Only one span is wanted from the lines below: from the one with "shine over time." up to and including the one with "销售额是这场大战的考题。为了". Copy it exactly, without images.

§ **Given information**:
***
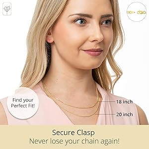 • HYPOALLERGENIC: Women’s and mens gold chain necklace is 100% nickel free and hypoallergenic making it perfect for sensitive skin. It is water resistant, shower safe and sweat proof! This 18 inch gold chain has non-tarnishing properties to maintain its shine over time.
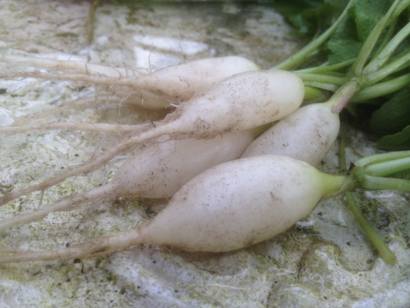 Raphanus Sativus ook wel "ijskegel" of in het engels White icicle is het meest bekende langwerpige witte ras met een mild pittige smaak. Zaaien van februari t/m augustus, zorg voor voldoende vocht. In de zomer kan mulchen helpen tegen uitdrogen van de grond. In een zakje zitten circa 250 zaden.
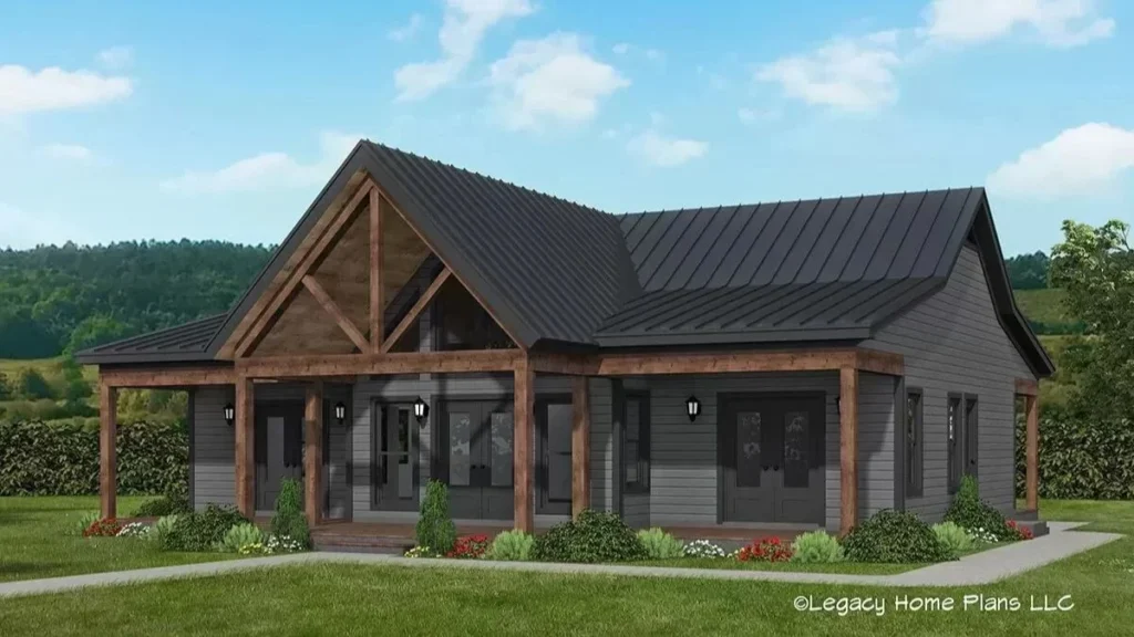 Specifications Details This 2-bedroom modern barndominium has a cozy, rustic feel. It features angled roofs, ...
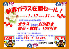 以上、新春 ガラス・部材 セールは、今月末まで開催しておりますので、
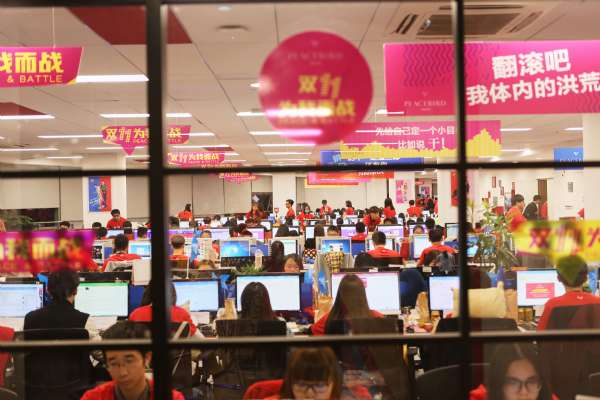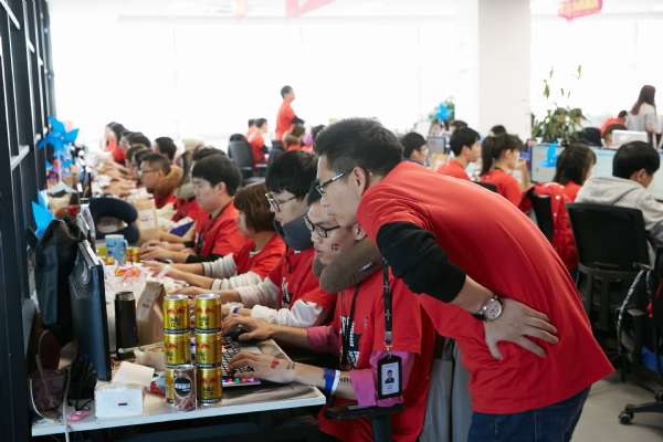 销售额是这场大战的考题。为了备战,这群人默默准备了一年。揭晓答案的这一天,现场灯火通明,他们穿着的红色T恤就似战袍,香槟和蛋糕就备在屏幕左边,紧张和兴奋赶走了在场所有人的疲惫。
***
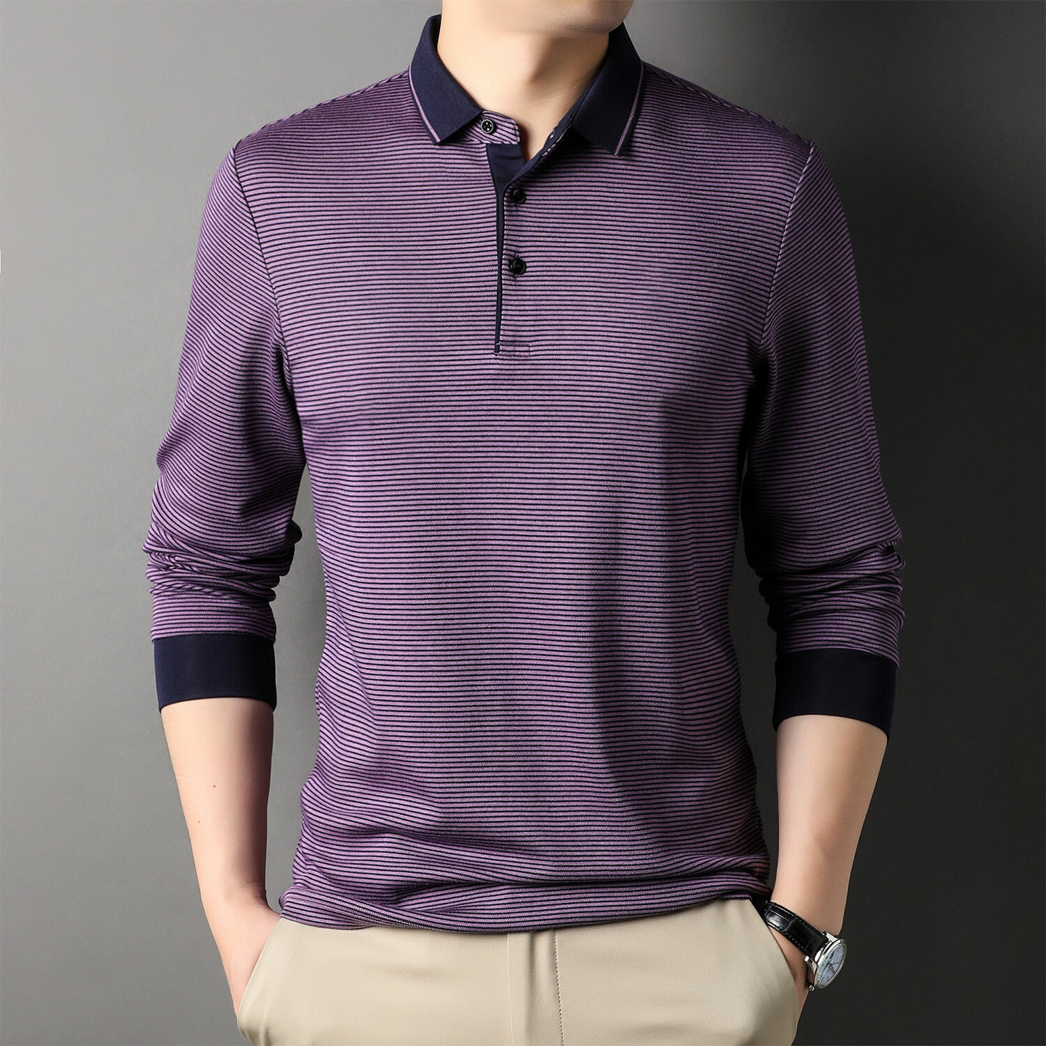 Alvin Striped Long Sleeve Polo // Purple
***
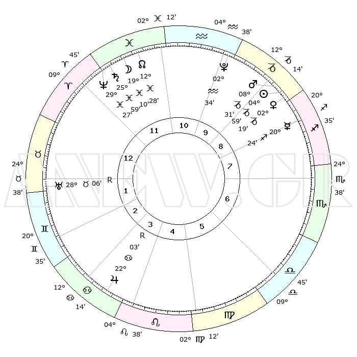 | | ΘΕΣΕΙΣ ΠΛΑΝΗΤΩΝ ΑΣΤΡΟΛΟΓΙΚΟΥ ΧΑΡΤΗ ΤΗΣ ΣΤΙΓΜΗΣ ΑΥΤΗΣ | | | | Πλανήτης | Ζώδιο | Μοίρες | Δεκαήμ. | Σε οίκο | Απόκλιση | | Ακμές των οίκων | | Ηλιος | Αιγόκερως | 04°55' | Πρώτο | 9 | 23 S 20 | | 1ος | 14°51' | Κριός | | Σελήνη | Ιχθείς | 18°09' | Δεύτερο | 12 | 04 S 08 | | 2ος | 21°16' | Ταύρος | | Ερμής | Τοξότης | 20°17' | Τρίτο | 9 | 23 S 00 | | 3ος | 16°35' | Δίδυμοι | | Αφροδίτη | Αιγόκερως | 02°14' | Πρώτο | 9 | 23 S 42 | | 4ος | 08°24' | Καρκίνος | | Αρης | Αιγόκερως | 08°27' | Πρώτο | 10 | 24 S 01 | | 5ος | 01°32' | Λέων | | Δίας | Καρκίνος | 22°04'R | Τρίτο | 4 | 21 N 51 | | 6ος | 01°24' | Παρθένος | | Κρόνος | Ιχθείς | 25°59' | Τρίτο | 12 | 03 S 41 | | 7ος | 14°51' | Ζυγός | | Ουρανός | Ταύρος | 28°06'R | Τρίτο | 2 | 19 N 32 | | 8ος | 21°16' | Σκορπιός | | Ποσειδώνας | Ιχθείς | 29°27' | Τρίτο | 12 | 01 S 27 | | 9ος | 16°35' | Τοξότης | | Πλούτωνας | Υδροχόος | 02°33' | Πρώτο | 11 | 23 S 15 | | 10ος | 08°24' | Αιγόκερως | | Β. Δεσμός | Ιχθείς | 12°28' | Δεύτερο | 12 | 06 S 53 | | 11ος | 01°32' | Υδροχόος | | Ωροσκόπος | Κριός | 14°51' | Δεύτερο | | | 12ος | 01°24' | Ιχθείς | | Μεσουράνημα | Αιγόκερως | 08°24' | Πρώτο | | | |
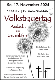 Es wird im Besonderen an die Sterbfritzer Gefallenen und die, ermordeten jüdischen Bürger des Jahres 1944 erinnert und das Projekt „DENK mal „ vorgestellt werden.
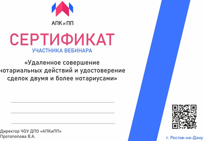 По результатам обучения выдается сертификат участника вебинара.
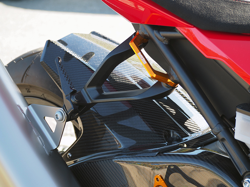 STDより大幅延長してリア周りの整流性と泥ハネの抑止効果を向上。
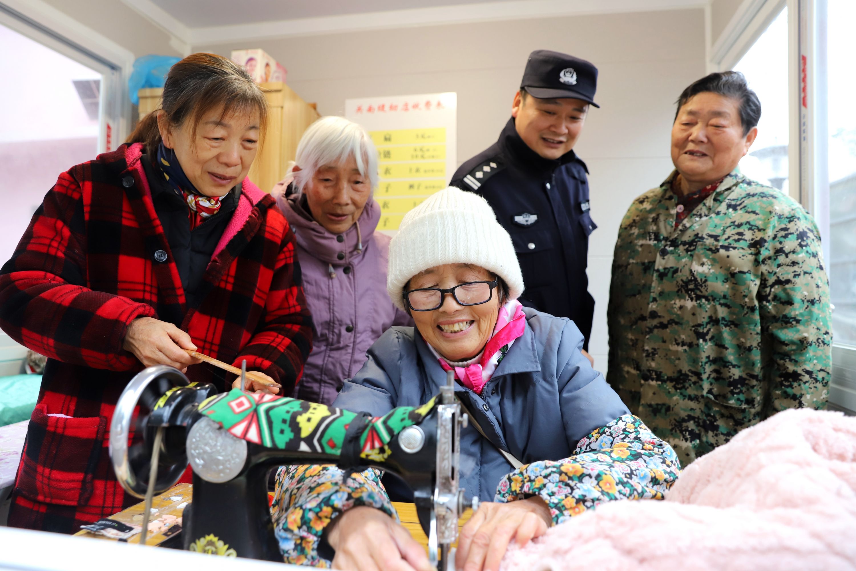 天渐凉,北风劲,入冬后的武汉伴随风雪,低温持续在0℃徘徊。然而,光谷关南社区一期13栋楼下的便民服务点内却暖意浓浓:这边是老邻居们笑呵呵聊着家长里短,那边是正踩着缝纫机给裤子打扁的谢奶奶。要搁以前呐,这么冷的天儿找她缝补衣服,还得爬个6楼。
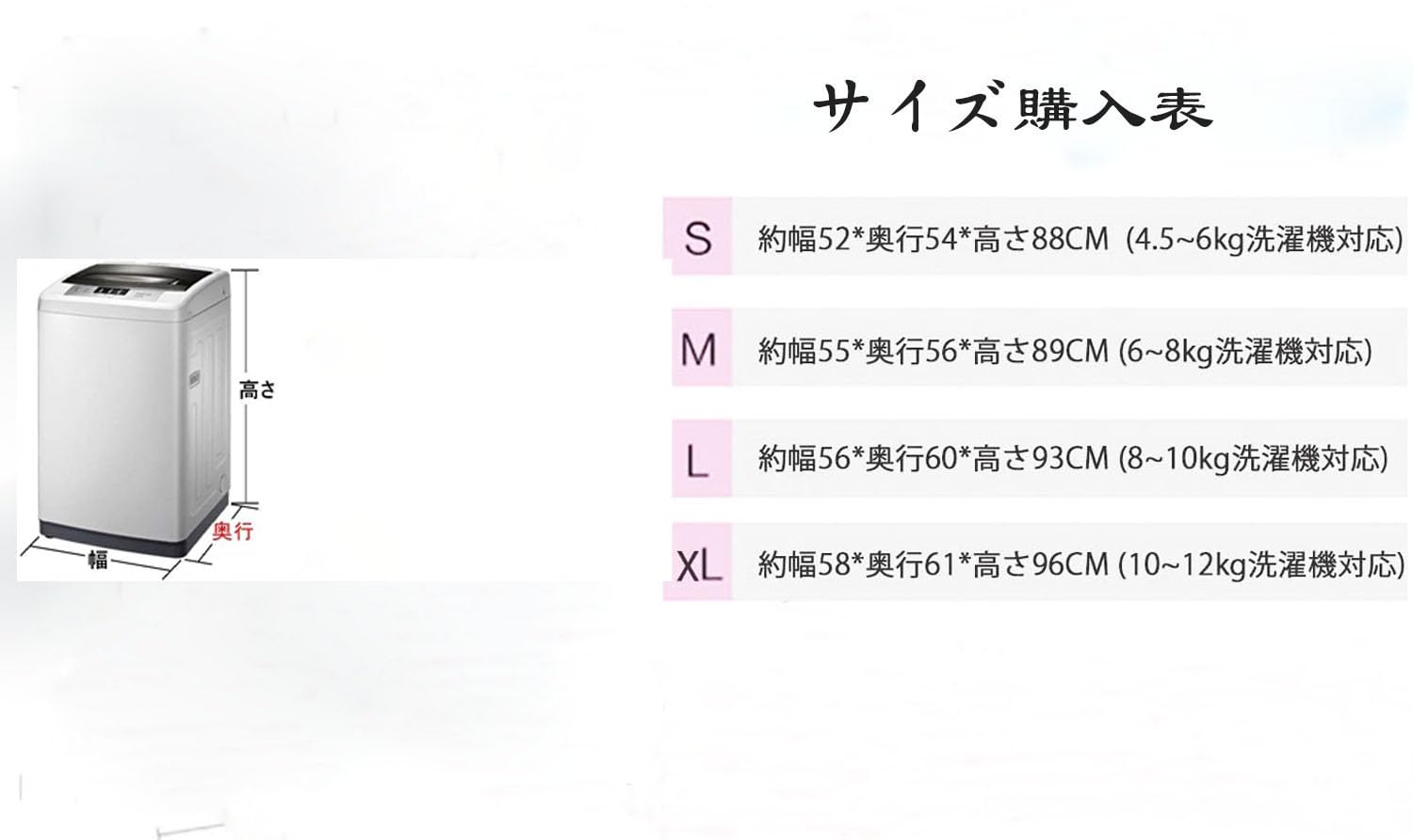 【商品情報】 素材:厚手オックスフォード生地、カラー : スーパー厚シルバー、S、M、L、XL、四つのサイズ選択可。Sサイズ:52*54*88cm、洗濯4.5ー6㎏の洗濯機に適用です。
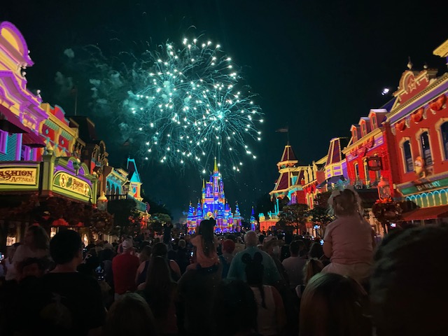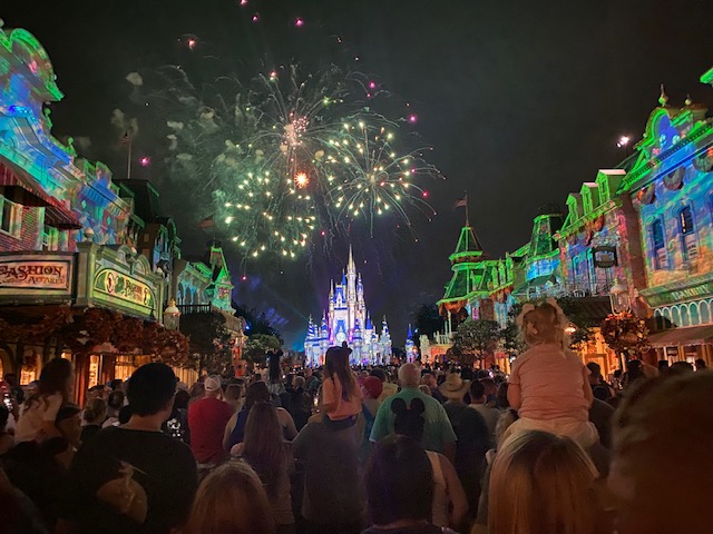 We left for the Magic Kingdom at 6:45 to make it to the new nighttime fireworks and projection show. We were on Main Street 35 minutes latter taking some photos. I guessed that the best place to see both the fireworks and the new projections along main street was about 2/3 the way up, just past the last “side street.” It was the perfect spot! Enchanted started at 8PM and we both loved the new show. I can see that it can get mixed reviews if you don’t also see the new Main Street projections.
***
§ **Answer for this exercise**:
 • HYPOALLERGENIC: Women’s and mens gold chain necklace is 100% nickel free and hypoallergenic making it perfect for sensitive skin. It is water resistant, shower safe and sweat proof! This 18 inch gold chain has non-tarnishing properties to maintain its shine over time.
 Raphanus Sativus ook wel "ijskegel" of in het engels White icicle is het meest bekende langwerpige witte ras met een mild pittige smaak. Zaaien van februari t/m augustus, zorg voor voldoende vocht. In de zomer kan mulchen helpen tegen uitdrogen van de grond. In een zakje zitten circa 250 zaden.
 Specifications Details This 2-bedroom modern barndominium has a cozy, rustic feel. It features angled roofs, ...
 以上、新春 ガラス・部材 セールは、今月末まで開催しておりますので、
 销售额是这场大战的考题。为了备战,这群人默默准备了一年。揭晓答案的这一天,现场灯火通明,他们穿着的红色T恤就似战袍,香槟和蛋糕就备在屏幕左边,紧张和兴奋赶走了在场所有人的疲惫。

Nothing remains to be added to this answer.